I used to want to live way up north, in fact I still desperately want to work in the Yukon. Since childhood I’ve been obsessed by the northern lights and polar bears. When I was young I read a lot of kid’s stories by Jan Brett about life in winter in Scandinavia that made it look like an exciting place full of trolls and friendly reindeer. A quick Google search has revealed to me that she is in fact American! It’s all a lie, what does she know about the horrors of a “real” winter! I feel slightly betrayed at the thought that my childhood brain was being molded by fake news. On the topic of trolls, friendly reindeer and feeding children fake news, Frozen is doing exactly that! This generation isn’t growing up with Jan’s ‘90s stories about the Trouble With Trolls, but they are growing up with Olaf and that dude with the shaggy hair. I would not be surprised if in ten years another editor sits at this desk felling betrayed at the unrealistic portrayal of winter in the far north. You are cold Elsa! It’s freezing outside, put your mittens back on!!
What if the cold Scandinavian winters don’t float your boat and you’re just looking for something gloomy?
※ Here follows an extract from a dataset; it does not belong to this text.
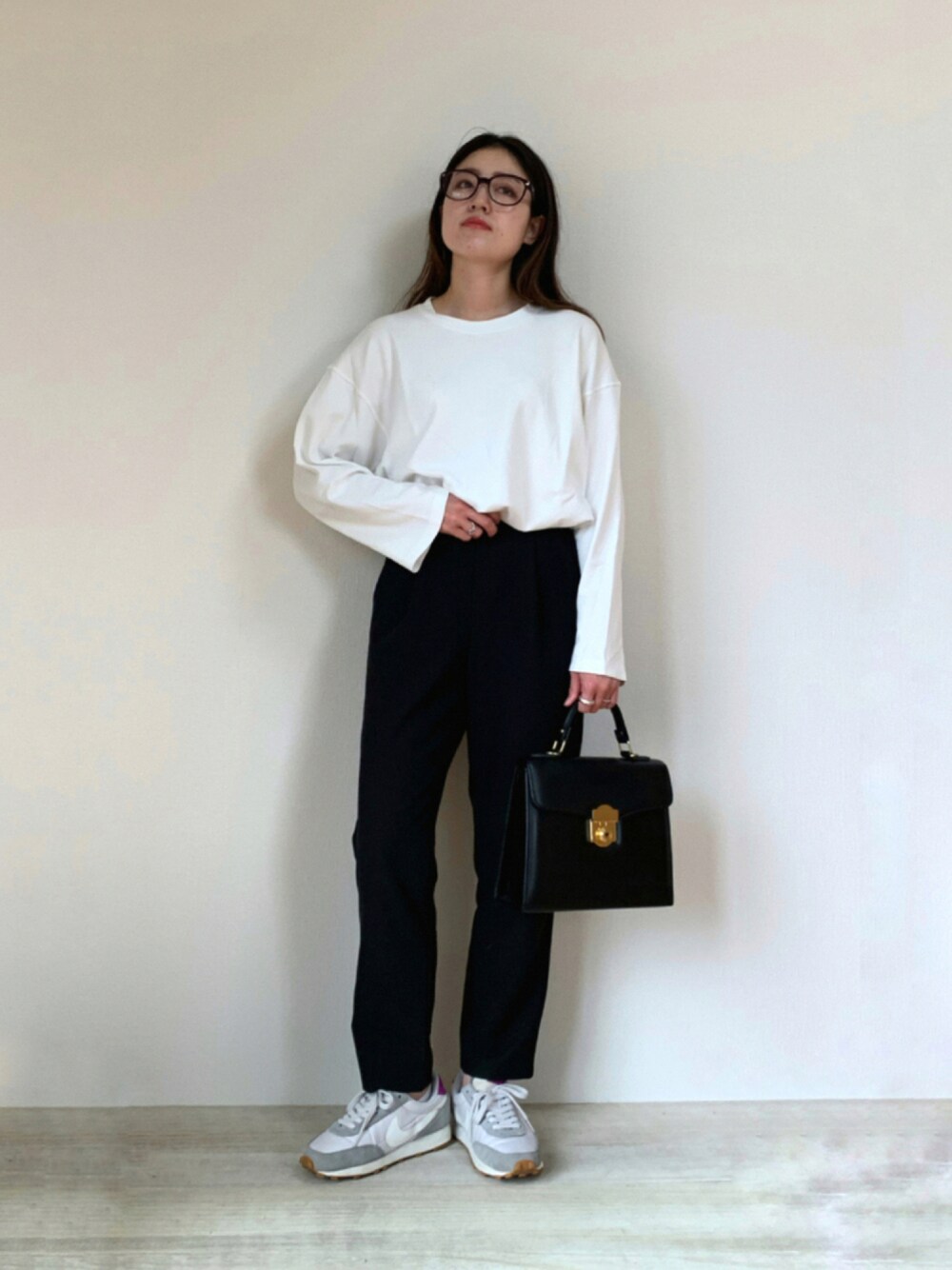 レザーシューズと迷ってやっぱりスニーカーで落ち着いたシンプルコーデ🤍

Something with some great pathetic fallacy to your own rainy November life? Well, I can recommend Gothic literature instead. Stuff like the Brontë sisters’ work is dark and a little spooky and makes you really glad to be born 200 years after them. These gals lived in the wilds of the Northern England and I think we can infer from all the data that living in “Northern anything” is a cold, dark and thus often depressing place to live. The three sisters, all novelists, wrote in the “Romantic” style of the day which happened to be influenced by the many issues of the day topmost being death. So romantic.
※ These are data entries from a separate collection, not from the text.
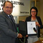 Fresnillo, Zac.- Mirna Maldonado Tapia, candidata a diputada federal electa, por el Distrito 1 de la coalición Juntos Haremos Historia, recibió la constancia de Mayoría Relativa de manos del consejero presidente del Instituto Nacional Electoral (INE) Distrito, Raúl Cuevas Quezada.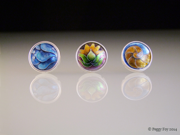2009 - Cloisonne Enamel Pins; sterling, fine silver, lead crystal enamel.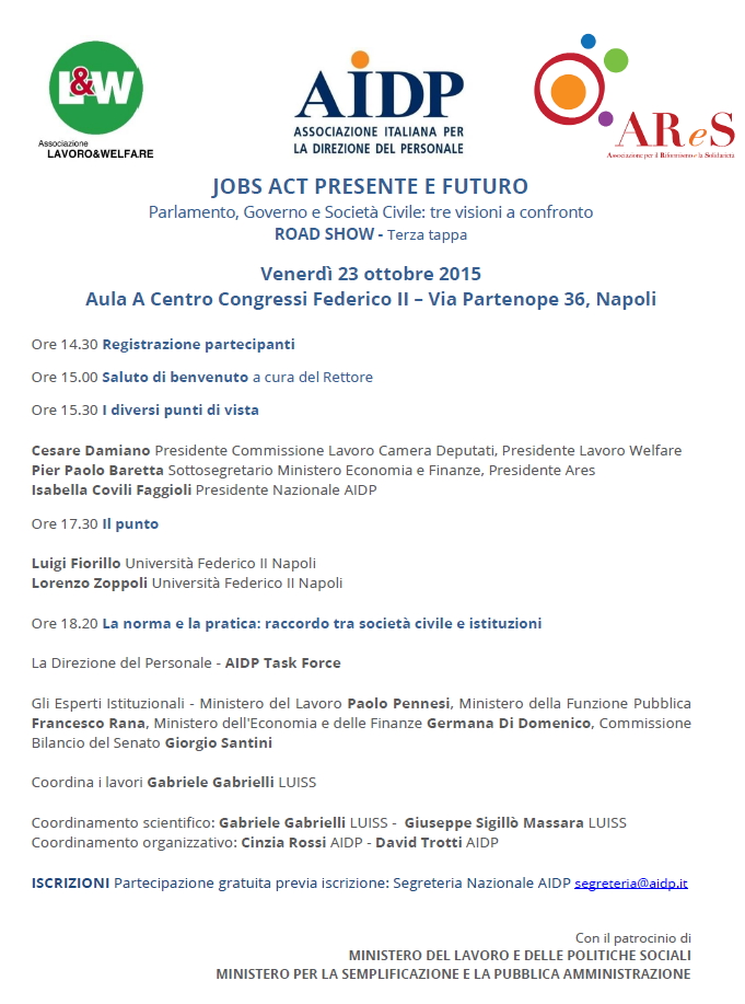 NAPOLI - Jobs Act Presente e Futuro - Parlamento, Governo e Società Civile: tre visioni a confronto

The characters in their books are cruel, think only of themselves, follow their own whims, purposely deceive each other and die for terribly depressing reasons. It’s exactly the sort of book that makes you wish you had a large fireplace, a mug of hot chocolate and a couple puppy dogs to keep you company while reading it.
In honour of Halloween my last book is Mary Shelley’s famous novel Frankenstein, most well-known for its hundreds of Hollywood spin-offs. The book opens with a series of letters from a Captain Walton to his sister as he embarks on a journey to the North Pole. At the very beginning he writes from St. Petersburg in Russia speaking of the wind and icy cold air that blows from the direction in which he is headed and it only gets colder and snowier from there. In the snows of the Arctic they encounter a scientist named Victor Frankenstein who tells them his life story and his unconventional experiments which resulted in the “monster” pop culture has taken such a liking to. It’s dark, it’s grim, and it’s not written by a Swedish person although it is set very far up north.
Happy procrastination by reading folks, I hope you stay warm and snug as winter closes its icy fist around us once again.